The description is well-structured with clear sections (USE WHEN, NOT FOR, ARGS, TEXT FILTERS, NUMERIC GUARD, RETURNS) and front-loaded. It's somewhat long but each sentence adds value, appropriate for the complexity.

Shorter descriptions cost fewer tokens and are easier for agents to parse. Every sentence should earn its place.

Completeness5/5

Given the tool's complexity, does the description cover enough for an agent to succeed on first attempt?

Given the tool's complexity (6 params, nested objects, many operators) and existence of output schema, the description covers all critical aspects: purpose, usage, parameter details, edge cases, warnings, return structure. Nothing missing.

Complex tools with many parameters or behaviors need more documentation. Simple tools need less. This dimension scales expectations accordingly.

Parameters5/5

Does the description clarify parameter syntax, constraints, interactions, or defaults beyond what the schema provides?

Schema coverage is 100%, but description adds deep semantics: explains field/field_id exclusivity, operator list, value/value_to for between, data types, and text filter resolution. This goes well beyond schema descriptions.

Input schemas describe structure but not intent.

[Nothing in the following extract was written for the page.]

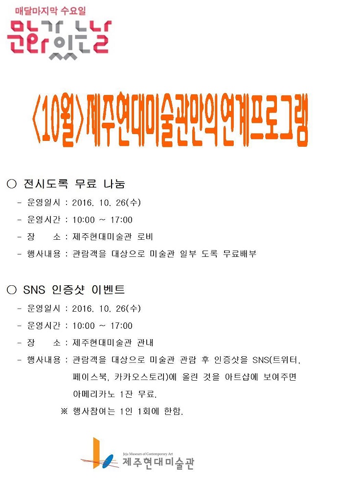 ♡10.26(수) 문화가 있는 날♡ 제주현대미술관만의 연계 프로그램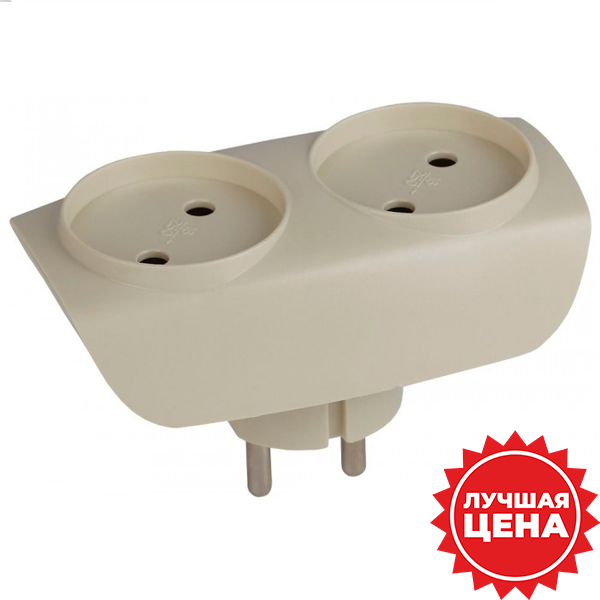 Разветвитель сетевой двухместный SP-2-I "Эра" Б0017017 (16 А), слоновая кость

Descriptions should explain non-obvious parameter relationships and valid value ranges.

Purpose5/5

Does the description clearly state what the tool does and how it differs from similar tools?

The description clearly states 'Find documents by their extracted field VALUES using composable conditions' and gives an example. It distinguishes from siblings talonic_search and talonic_get_document in the 'NOT FOR' section.

Agents choose between tools based on descriptions. A clear purpose with a specific verb and resource helps agents select the right tool.

Usage Guidelines5/5

Does the description explain when to use this tool, when not to, or what alternatives exist?

Explicitly says 'USE WHEN: value-based criteria on extracted fields' and 'NOT FOR: free-text / concept search (use talonic_search); a single document by id (use talonic_get_document).' Also provides guidance on numeric guard and warning handling.

Agents often have multiple tools that could apply. Explicit usage guidance like "use X instead of Y when Z" prevents misuse.